- Origin: Valdosta, Georgia, U.S.
- Genres: Country
- Years active: 2004–present
- Members: Rhett Akins Dallas Davidson Ben Hayslip

= The Peach Pickers =

American songwriting team

The Peach Pickers are an American songwriting team, composed of Rhett Akins, Dallas Davidson, and Ben Hayslip.

Akins and Hayslip met while attending high school together in Valdosta, Georgia, before Akins signed a contract with Decca Records in the mid-1990s. Davidson began songwriting in college, where he was roommates with singer Luke Bryan at Georgia Southern University. He and Akins met in 2004 when the two co-wrote "Kiss My Country Ass", which both Akins and Blake Shelton recorded. After Akins brought Davidson to a songwriting session, the three began holding songwriting meetings every Wednesday.

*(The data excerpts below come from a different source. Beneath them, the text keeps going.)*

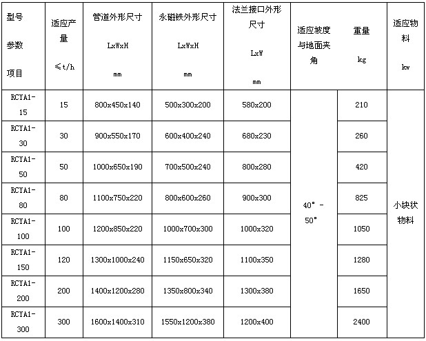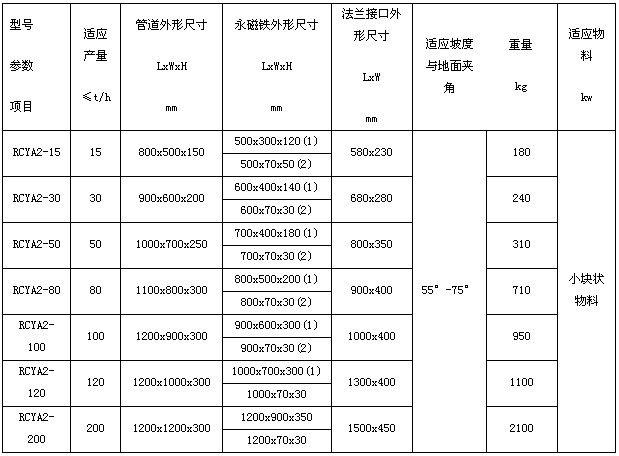 RCYA1、RCYA2系列管道式永磁除鐵器包括無(wu)磁(ci)(ci)(ci)(ci)(ci)管(guan)道(dao)和永磁(ci)(ci)(ci)(ci)(ci)鐵(tie)(tie)(tie)(tie)(tie)(tie)兩部(bu)分(fen),****于(yu)(yu)對封閉管(guan)道(dao)內(nei)非(fei)磁(ci)(ci)(ci)(ci)(ci)性物(wu)料(liao)除(chu)(chu)鐵(tie)(tie)(tie)(tie)(tie)(tie)、永磁(ci)(ci)(ci)(ci)(ci)除(chu)(chu)鐵(tie)(tie)(tie)(tie)(tie)(tie)器(qi)(qi)內(nei)部(bu)采用高性能(neng)稀(xi)土強磁(ci)(ci)(ci)(ci)(ci)材(cai)料(liao)組成復(fu)合(he)磁(ci)(ci)(ci)(ci)(ci)系。具有體積小、磁(ci)(ci)(ci)(ci)(ci)力大、重(zhong)量輕、除(chu)(chu)鐵(tie)(tie)(tie)(tie)(tie)(tie)干(gan)凈、方(fang)便、無(wu)能(neng)耗、使用壽(shou)命(ming)長等(deng)(deng)特(te)點。適合(he)于(yu)(yu)無(wu)輸(shu)送皮帶,只能(neng)提供下料(liao)溜槽的場(chang)合(he)。當散狀物(wu)料(liao)經過管(guan)道(dao)式(shi)永磁(ci)(ci)(ci)(ci)(ci)除(chu)(chu)鐵(tie)(tie)(tie)(tie)(tie)(tie)器(qi)(qi)時,鐵(tie)(tie)(tie)(tie)(tie)(tie)雜物(wu)被高場(chang)強的永磁(ci)(ci)(ci)(ci)(ci)鐵(tie)(tie)(tie)(tie)(tie)(tie)所(suo)吸附(fu),清除(chu)(chu)鐵(tie)(tie)(tie)(tie)(tie)(tie)雜質時,打開管(guan)道(dao)****門將雜質取出。該設(she)備適用于(yu)(yu)含鐵(tie)(tie)(tie)(tie)(tie)(tie)量較少的場(chang)合(he),含鐵(tie)(tie)(tie)(tie)(tie)(tie)較多的場(chang)合(he),應選(xuan)用自卸式(shi)除(chu)(chu)鐵(tie)(tie)(tie)(tie)(tie)(tie)器(qi)(qi)或RCYG系列精(jing)細除(chu)(chu)鐵(tie)(tie)(tie)(tie)(tie)(tie)器(qi)(qi)。主要應用于(yu)(yu)水(shui)泥、化工(gong)、煤炭、塑(su)料(liao)、耐火材(cai)料(liao)、建材(cai)等(deng)(deng)行業的下料(liao)管(guan)道(dao)中清除(chu)(chu)雜物(wu)。
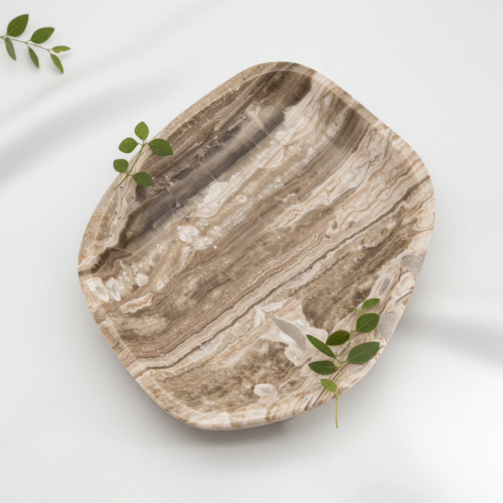 Despite the name, onyx is actually an aggregate variety of calcite that was recently found in Pakistan. It is formed from layers of different calcite marbled together. Onyx Calcite is a striking variety of calcite that exhibits beautiful banding, often resembling traditional onyx but with a softer composition. Like all calcite minerals, it is a form of calcium carbonate (CaCO₃). The banding is formed by the deposition of calcium-rich water in caves, hot springs, or sedimentary environments over thousands to millions of years. The layers result from varying mineral impurities, including iron oxides, which create shades of yellow, brown, white, pink, and even green.
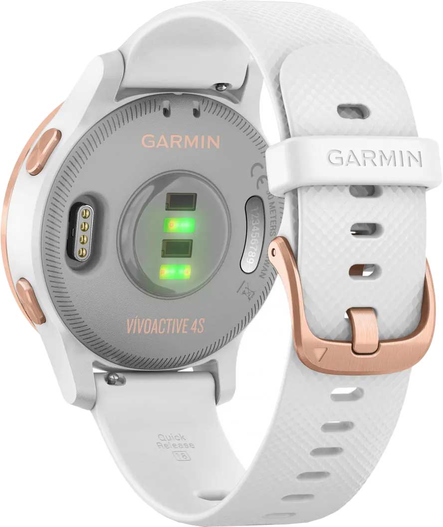 Умные многофункциональные женские часы Garmin Vivoactive 4S 010-02172-23, электронный механизм с высокой точностью. Класс водозащиты: 50 метров, позволит защитить корпус от случайных брызг или капель дождя. Корпус часов изготовлен из стали, разноцветного цвета.
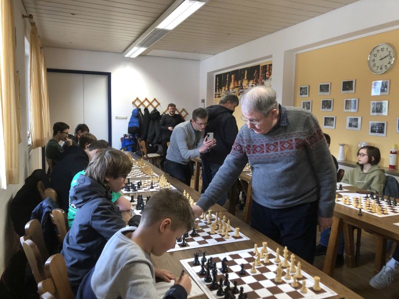 Gegen 14 Kinder und Jugendliche trat Sandor an, aber gegen die über 50-jährige Erfahrung gab es für die nichts zu holen, Sandor gewann - erwartungsgemäss - alle Partien.
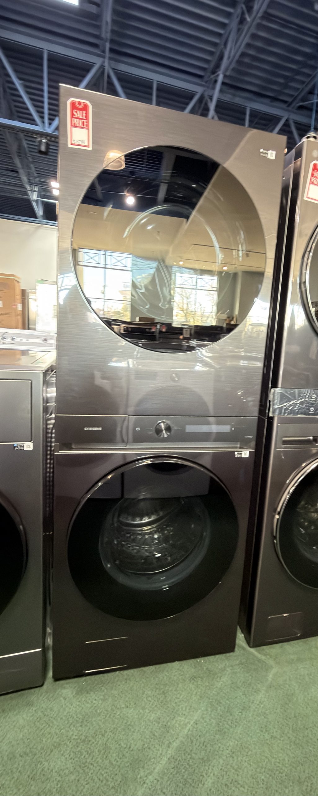 Samsung BESPOKE WH46DBH500EV 27 Inch Smart Electric Wash Tower with 4.6 cu ft Washer Capacity, 7.6 cu ft Dryer Capacity, Steam Wash, AI Smart Dial, Self Clean, Vent Sensor, Sensor Dry, 3 Way Venting, 20 Year Motor Warranty and Energy Star Certified (Two Plugs Required).
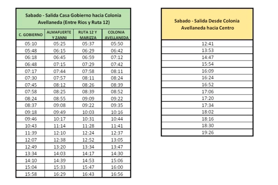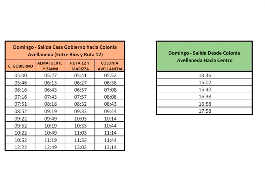 Los colectivos partirán desde Casa de Gobierno hacia Colonia Avellaneda a partir de las 5 de la mañana, tanto el sábado como el domingo, con frecuencia continua durante todo el día hasta la finalización de las competencias. El recorrido incluirá paradas en Almafuerte y Zanni, así como en Ruta 12 y Marizza, con retorno desde Colonia Avellaneda hacia el centro de Paraná.
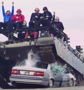 外国土豪用坦克压汽车玩,感觉找到了新的商机
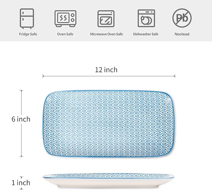 - STURDY & EASY CLEANUP - Fired at a high temperature with a good thickness to ensure their sturdiness and has no harmful Lead & Cadmium that make them healthier. The smooth surface protects its vibrant color forever and allows the large platter to be cleaned effortlessly. Safely used in the Microwave, Oven, Fridge, and Dishwasher.
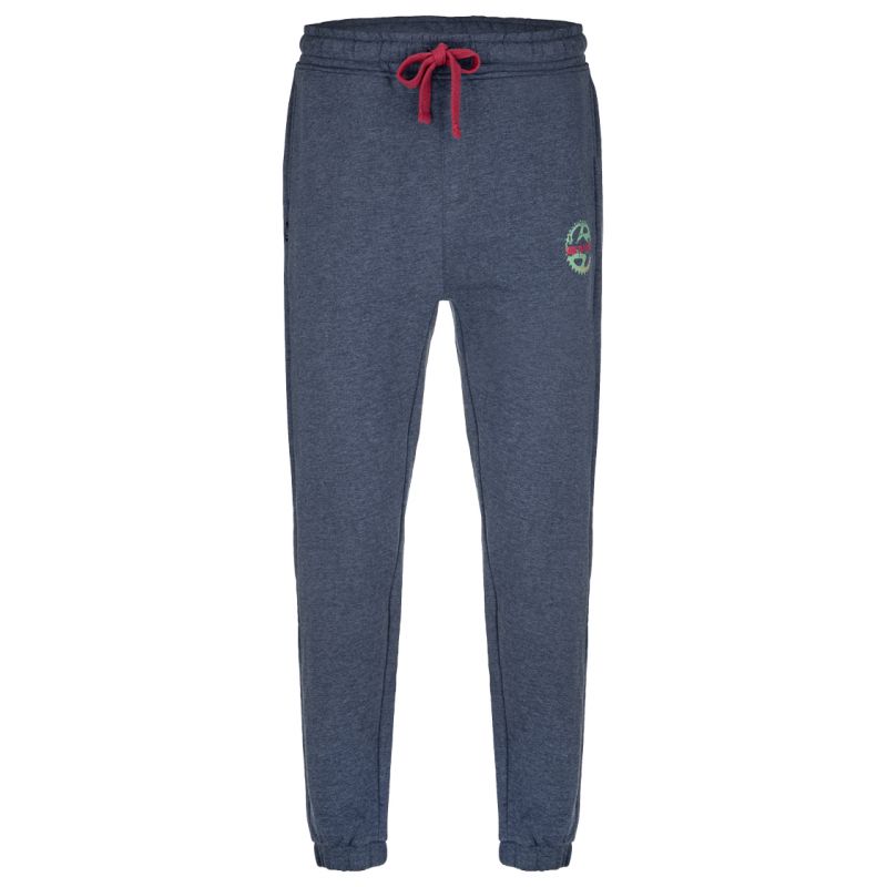 Volnočasové pánské tepláky Loap EDIKANT jsou ušity v klasickém střihu z bavlny a polyesteru. Jsou příjemné na dotek, dobře drží tvar a mačkají se méně než 100% bavlněné tepláky. Tyto žíhané tepláky mají elastický pas se stahováním na ploché tkaničky, elastický spodní okraj a dvě boční kapsy bez zipu. Na stehně jsou ozdobené decentním kulatým potiskem. Jsou ideální na lehké sportovní aktivity, cestování nebo volný čas od podzimu do jara.Elastický pas s tkaničkami. Příjemné na dotek. Dvě kapsy
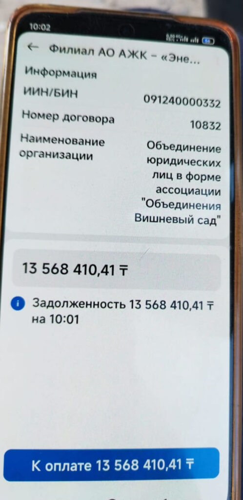 — В период 2009-2013 годов коммунальные платежи собирали председатели двенадцати СТ и передавали в кассу ассоциации. С 2014 года эта функция перешла непосредственно к кассиру объединения. До 2023 года факты критической задолженности за коммуналку мне не были известны. Ситуация изменилась в конце 2024 года. Тогда пришли квитанции с приложения Kaspi, и стало понятно, что у объединения огромные долги перед РЭС.
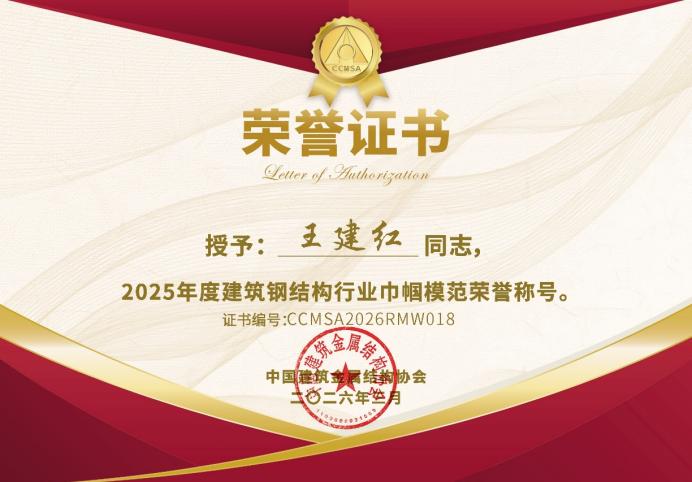 2026年3月,中国建筑金属结构协会开展了2025年度建筑钢结构行业巾帼模范评选活动。渤海船舶职业学院教师王建红荣获“2025年度建筑钢结构行业巾帼模范”荣誉称号。

Among the songs that they have written together are Shelton's "All About Tonight", Josh Turner's "All Over Me", Jack Ingram's "Barefoot and Crazy", Brooks & Dunn's "Put a Girl in It", Joe Nichols' "Gimmie That Girl", and Bryan's "I Don't Want This Night to End". All three members of the team also have co-writers' credits outside their collaborations.

In 2022, the trio began touring as a performing act on Luke Bryan's tour.